TCPListener.Accept 函数

// Accept implements the Accept method in the Listener interface; it
// waits for the next call and returns a generic Conn.
func (l *TCPListener) Accept() (Conn, error) {
    if !l.ok() {
        return nil, syscall.EINVAL
    }
    c, err := l.accept()
    if err != nil {
        return nil, &OpError{Op: "accept", Net: l.fd.net, Source: nil, Addr: l.fd.laddr, Err: err}
    }
    return c, nil
}
func (ln *TCPListener) accept() (*TCPConn, error) {
    fd, err := ln.fd.accept()
    if err != nil {
        return nil, err
    }
    return newTCPConn(fd), nil
}

func newTCPConn(fd *netFD) *TCPConn {
    c := &TCPConn{conn{fd}}
    setNoDelay(c.fd, true)
    return c
}

netFD.Accept

func (fd *netFD) accept() (netfd *netFD, err error) {
    d, rsa, errcall, err := fd.pfd.Accept()
    if err != nil {
        if errcall != "" {
            err = wrapSyscallError(errcall, err)
        }
        return nil, err
    }

    if netfd, err = newFD(d, fd.family, fd.sotype, fd.net); err != nil {
        poll.CloseFunc(d)
        return nil, err
    }
    if err = netfd.init(); err != nil {
        fd.Close()
        return nil, err
    }
    lsa, _ := syscall.Getsockname(netfd.pfd.Sysfd)
    netfd.setAddr(netfd.addrFunc()(lsa), netfd.addrFunc()(rsa))
    return netfd, nil
}

FD.Accept 执行非阻塞 accept

// Accept wraps the accept network call.
func (fd *FD) Accept() (int, syscall.Sockaddr, string, error) {
    if err := fd.readLock(); err != nil {
        return -1, nil, "", err
    }
    defer fd.readUnlock()

    if err := fd.pd.prepareRead(fd.isFile); err != nil {
        return -1, nil, "", err
    }
    for {
        s, rsa, errcall, err := accept(fd.Sysfd)
        if err == nil {
            return s, rsa, "", err
        }
        switch err {
        case syscall.EAGAIN:
            if fd.pd.pollable() {
                if err = fd.pd.waitRead(fd.isFile); err == nil {
                    continue
                }
            }
        case syscall.ECONNABORTED:
            // This means that a socket on the listen
            // queue was closed before we Accept()ed it;
            // it's a silly error, so try again.
            continue
        }
        return -1, nil, errcall, err
    }
}
// Wrapper around the accept system call that marks the returned file
// descriptor as nonblocking and close-on-exec.
func accept(s int) (int, syscall.Sockaddr, string, error) {
    ns, sa, err := Accept4Func(s, syscall.SOCK_NONBLOCK|syscall.SOCK_CLOEXEC)
    // On Linux the accept4 system call was introduced in 2.6.28
    // kernel and on FreeBSD it was introduced in 10 kernel.
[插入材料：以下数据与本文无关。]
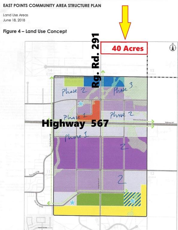 40 Acres on pavement INSIDE northeast Airdrie City Limits, north of the East Points Area Structure Plan and across from 185 acre Airdrie Regional Park and Croxford Estates. Permitted uses, Dwelling Garden Suite and other Permitted + Discretionary uses. Opportunity knocks! Panoramic West Views! 660 foot frontage onto paved Range Road 291 (future Airdrie main route). Ideal for home business (by permit), mini ranch or variety of permitted Garden Suite and discretionary uses. Features a 1,505 sq.ft. fully developed bungalow with heated oversize attached garage. Bright open plan with a spacious great room with vaulted ceiling and fireplace, formal dining area, and roomy kitchen with nook and covered deck access. Lower level is fully developed with bedroom, full bath, large den, and spacious living area. Includes major appliances and window coverings. Ideal for animals or home business with detached heated 28' x 30' shop with box stalls and 10' x 25' storage shop. Highway 2 north, east on Highway 567, north on paved Range Road 291. Cabin in back trees also for sale. GST may be applicable.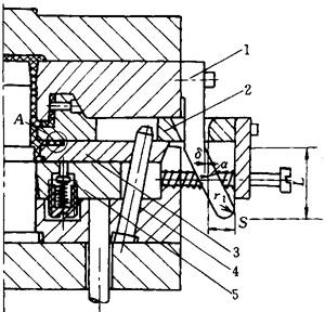 图4-118 弯销、斜导柱分级抽芯机构 1—弯销 2—滑块 3—滑块 4—斜导柱 5—推板 图4-119为弯销二级抽芯机构。由于制品内圈较薄,为防止该处拉坏,采取了二级抽芯。开模时,由于止动销8的作用,弯销6先带动外滑块5,型芯由接头3与外滑块连接,从而使型芯1抽动,消除制品对其包紧力,继续抽拔至S1距离时,止动销8已脱开内滑块4,通过限位螺钉7开始二级抽芯,此时内滑块4被带动,从而带动型芯2完成整个抽芯过程。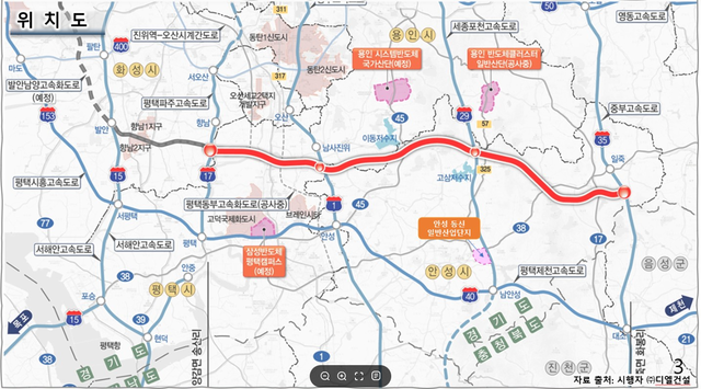 이번 고속도로는 화성시 양감면에서 시작해 평택시, 용인시를 거쳐 안성시 일죽면까지 연결되는 총연장 45.3km 구간으로 왕복 4~6차로 규모로 조성된다.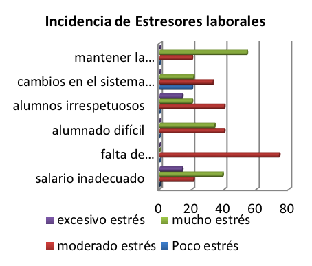 La evaluación del Inventario de estrés para docentes y La Escala Sintomática de Estrés: mostró la medida de que el 68.4% de los sujetos encuestados mantienen niveles medios percibidos de estrés, con predominio de síntomas como temor, inseguridad, dificultad para pensar, pérdida de memoria, ansiedad, irritabilidad, tristeza, apatía, fatiga, indecisión, pérdida de la autoestima, trastornos respiratorios y cardiovasculares, diarreas estreñimientos, pérdida o aumento de apetito, sociales como problemas y ausentismo laboral, competitividad exagerada, aislamiento social, insatisfacción, bajo desarrollo personal, agotamiento emocional sostenido en el tiempo, insatisfacción.

If we
    // get an ENOSYS error on both Linux and FreeBSD, or EINVAL
    // error on Linux, fall back to using accept.
    switch err {
    case nil:
        return ns, sa, "", nil
    default: // errors other than the ones listed
        return -1, sa, "accept4", err
    case syscall.ENOSYS: // syscall missing
    case syscall.EINVAL: // some Linux use this instead of ENOSYS
    case syscall.EACCES: // some Linux use this instead of ENOSYS
    case syscall.EFAULT: // some Linux use this instead of ENOSYS
    }

    // See ../syscall/exec_unix.go for description of ForkLock.
    // It is probably okay to hold the lock across syscall.Accept
    // because we have put fd.sysfd into non-blocking mode.
    // However, a call to the File method will put it back into
    // blocking mode. We can't take that risk, so no use of ForkLock here.
    ns, sa, err = AcceptFunc(s)
    if err == nil {
        syscall.CloseOnExec(ns)
    }
    if err != nil {
        return -1, nil, "accept", err
    }
    if err = syscall.SetNonblock(ns, true); err != nil {
        CloseFunc(ns)
        return -1, nil, "setnonblock", err
    }
    return ns, sa, "", nil
}

可以看到,最终还是用 syscall 中的 accept4 或 accept 完成了系统调用。accept4 对比 accept 的优势是,可以通过一次系统调用完成 accept 和 nonblock flag 的两个目的。而使用 accept 的话,还要手动 syscall.SetNonblock。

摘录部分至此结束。